Your goal> Please give back the lines from the line containing "이날 온라인으로 진행된" through the end of the listing below, exactly as written and without pictures.

Records supplied>
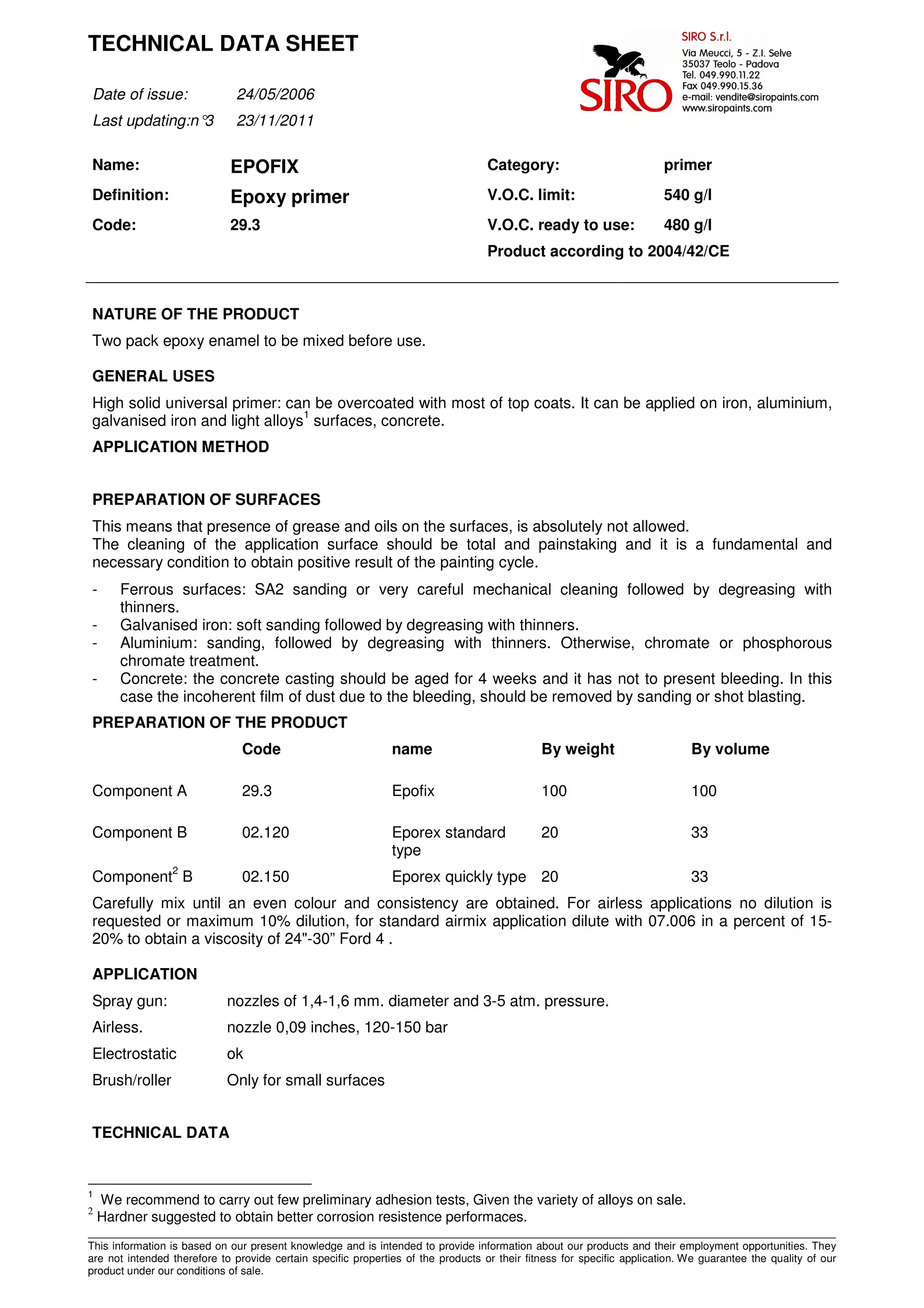 EPOFIX is a two-pack epoxy primer intended for use on iron, aluminum, galvanized iron and light alloys, as well as concrete surfaces. It requires thorough surface preparation through sanding or mechanical cleaning followed by degreasing. The primer consists of Components A and B, which are mixed together prior to application by spray gun, airless sprayer, or by brush/roller for small areas. EPOFIX dries to touch in 4-5 hours at 20°C and achieves full hardness within 24-36 hours. It offers resistance to acids, alkalis and solvents and can be overcoated within 8 hours for optimal adhesion when mixed with Component B.
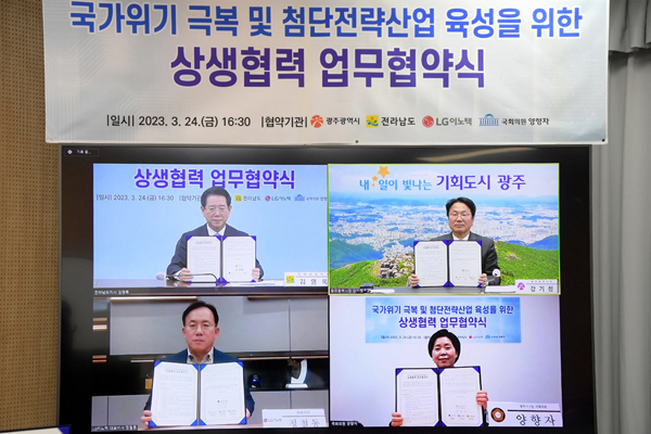 이날 온라인으로 진행된 협약식에는 양향자 의원, 강기정 광주광역시장, 김영록 전남도지사, 정철동 LG 이노텍 대표가 참석해 협약서에 서명하고 향후 계획에 대한 의견을 나누었다.
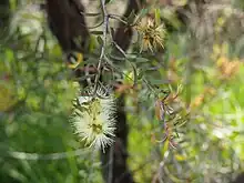 The flowers are creamy green to yellow and are arranged in spikes on the ends of branches that continue to grow after flowering and also in the leaf axils. The spikes are 30–40 mm (1–2 in) in diameter with 15 to 35 individual flowers. The petals are 2.2–4 mm (0.09–0.2 in) long and fall off as the flower ages and there are 37 to 51 stamens in each flower. Flowering occurs in April, October and December and is followed by fruit that are woody capsules, 4.2–4.6 mm (0.17–0.18 in) long.[3][4]
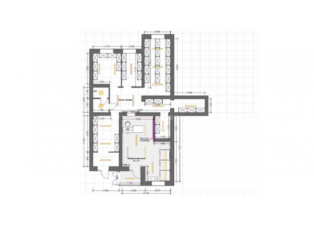 Помещение общей площадью – 119, 5 кв. м., 1 этаж.
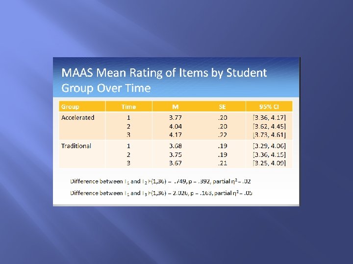 Instruments � � � Dependent Variables Perceived Stress Scale (PSS; Cohen, Kamarck, & Mermelstein, 1983) Mindful Attention Awareness Scale (MAAS; Brown & Ryan, 2003 Control Variables Health Promoting Lifestyle Profile II (HPLP II; Walker, Sechrist, Pender, 1995) The HPLP II served as a control for the health promoting practices the students engage in, independent of the self care module. Demographic information
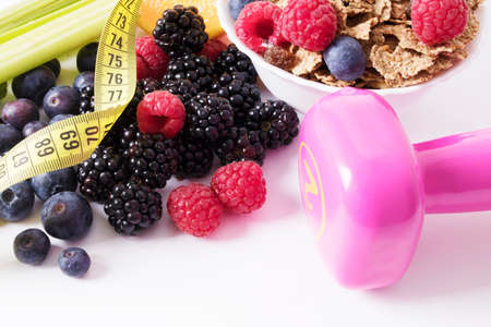 Healthy lifestyle and nutrition eating concept. Food with sports fitness equipment
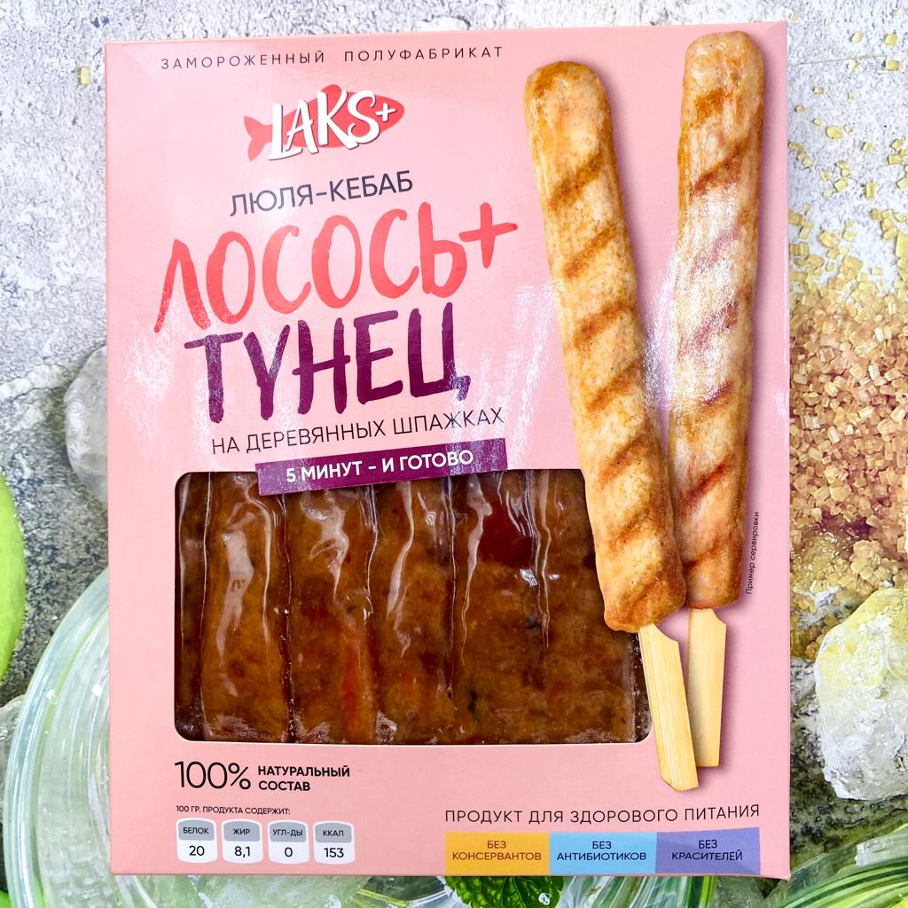 Люля-кебаб из лосося и тунца на деревянных шпажках
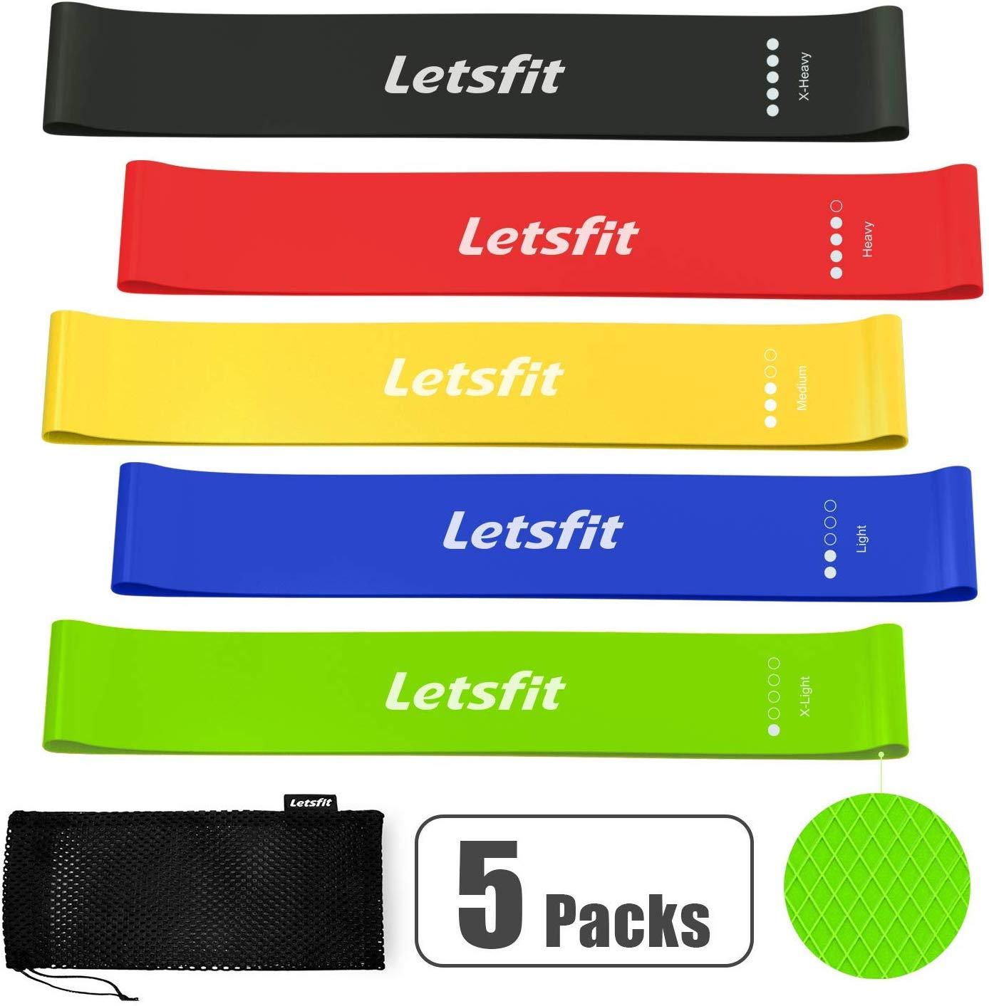 Letsfit Resistance Loop Bands, Resistance Exercise Bands for Home Fitness, Stretching, Strength Training, Physical Therapy, Natural Latex Workout Bands, Pilates Flexbands, 12" x 2"
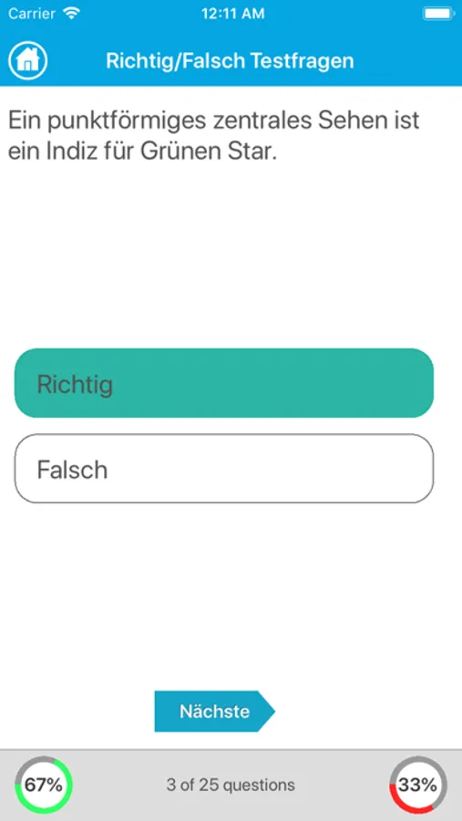 - Es gibt 2 Quiz-Modus. Multiple-Choice Quiz und Richtig/Falsch Quiz.
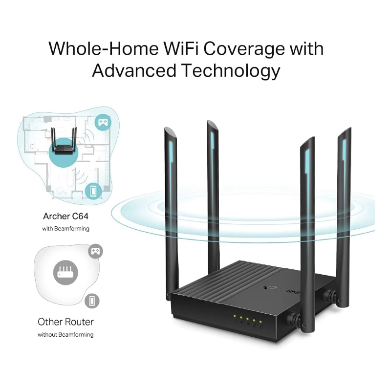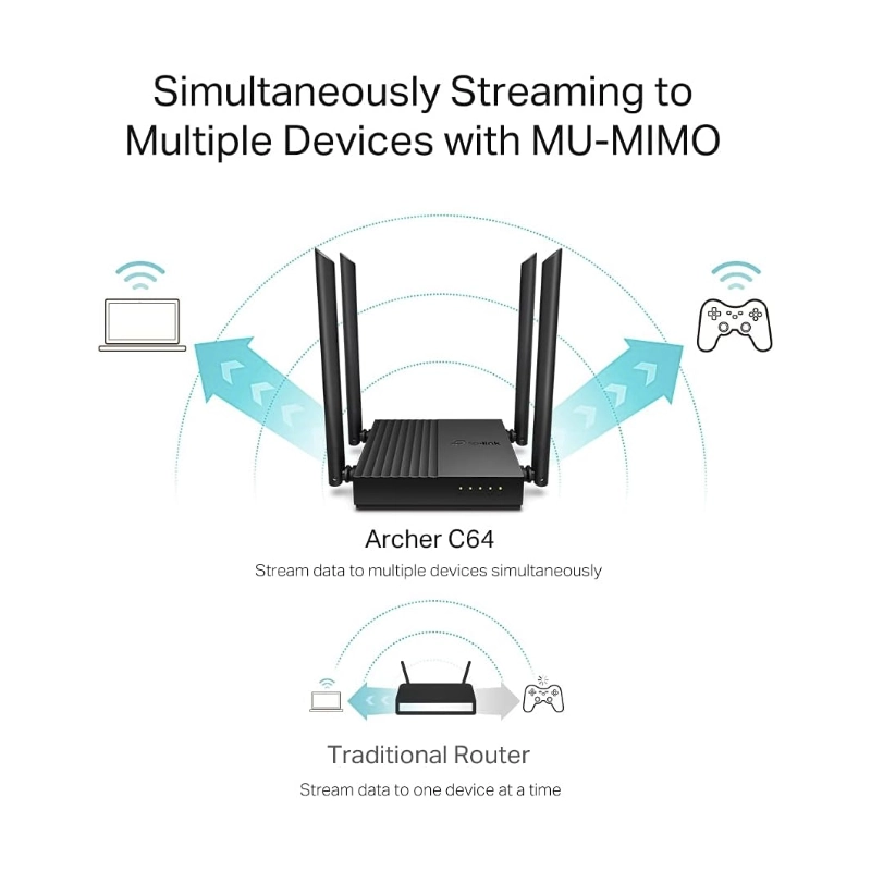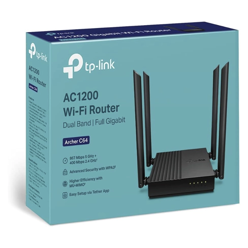 Router Inalambrico Tp-link Ac1200 (Archer C64) 2.4ghz/400mbps, 5ghz/867mbps, Antena X4, Port X4 10/100/1000mbps
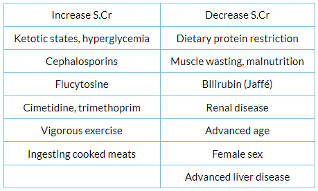 Factors affecting serum creatinine
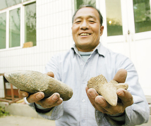 昨日平山县王小波反映,该县温塘镇杨树湾村村民赵玉谱收藏了一把疑似是新石器时代的石斧及一些不明年代的陶器残片和大型动物化石碎片。记者随后会同平山县博物馆馆长李永生,前往杨树湾村一探究竟。
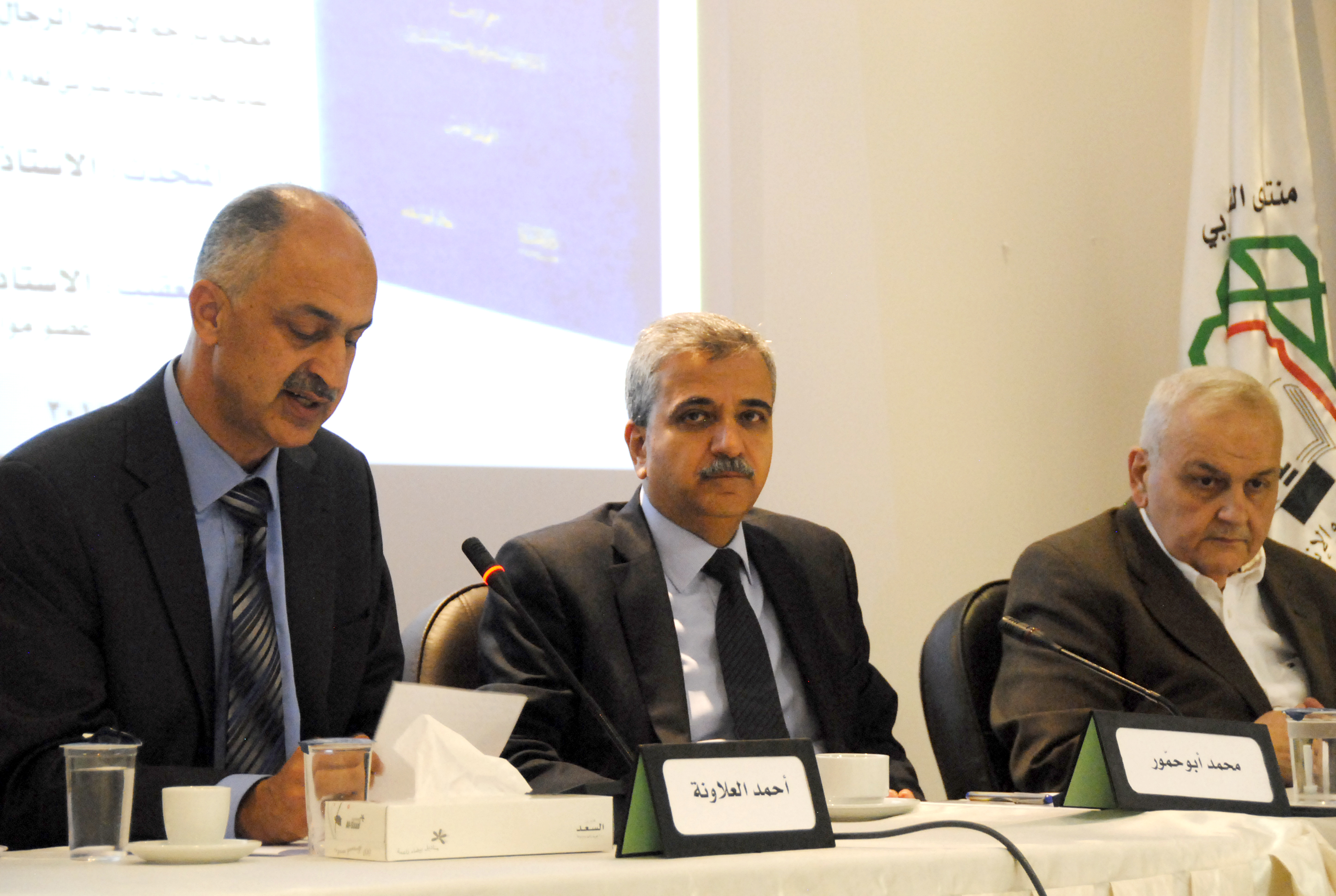 أدار اللقاء وشارك فيه الأمين العام للمنتدى د. محمد أبوحمور، والباحث العراقي أ.د. وليد محمود خالص عضو مجمع اللغة العربية بالقاهرة ومجمع اللغة العربية الأردني.

Completed task>
 이날 온라인으로 진행된 협약식에는 양향자 의원, 강기정 광주광역시장, 김영록 전남도지사, 정철동 LG 이노텍 대표가 참석해 협약서에 서명하고 향후 계획에 대한 의견을 나누었다.
 The flowers are creamy green to yellow and are arranged in spikes on the ends of branches that continue to grow after flowering and also in the leaf axils. The spikes are 30–40 mm (1–2 in) in diameter with 15 to 35 individual flowers. The petals are 2.2–4 mm (0.09–0.2 in) long and fall off as the flower ages and there are 37 to 51 stamens in each flower. Flowering occurs in April, October and December and is followed by fruit that are woody capsules, 4.2–4.6 mm (0.17–0.18 in) long.[3][4]
 Помещение общей площадью – 119, 5 кв. м., 1 этаж.
 Instruments � � � Dependent Variables Perceived Stress Scale (PSS; Cohen, Kamarck, & Mermelstein, 1983) Mindful Attention Awareness Scale (MAAS; Brown & Ryan, 2003 Control Variables Health Promoting Lifestyle Profile II (HPLP II; Walker, Sechrist, Pender, 1995) The HPLP II served as a control for the health promoting practices the students engage in, independent of the self care module. Demographic information
 Healthy lifestyle and nutrition eating concept. Food with sports fitness equipment
 Люля-кебаб из лосося и тунца на деревянных шпажках
 Letsfit Resistance Loop Bands, Resistance Exercise Bands for Home Fitness, Stretching, Strength Training, Physical Therapy, Natural Latex Workout Bands, Pilates Flexbands, 12" x 2"
 - Es gibt 2 Quiz-Modus. Multiple-Choice Quiz und Richtig/Falsch Quiz.
 Router Inalambrico Tp-link Ac1200 (Archer C64) 2.4ghz/400mbps, 5ghz/867mbps, Antena X4, Port X4 10/100/1000mbps
 Factors affecting serum creatinine
 昨日平山县王小波反映,该县温塘镇杨树湾村村民赵玉谱收藏了一把疑似是新石器时代的石斧及一些不明年代的陶器残片和大型动物化石碎片。记者随后会同平山县博物馆馆长李永生,前往杨树湾村一探究竟。
 أدار اللقاء وشارك فيه الأمين العام للمنتدى د. محمد أبوحمور، والباحث العراقي أ.د. وليد محمود خالص عضو مجمع اللغة العربية بالقاهرة ومجمع اللغة العربية الأردني.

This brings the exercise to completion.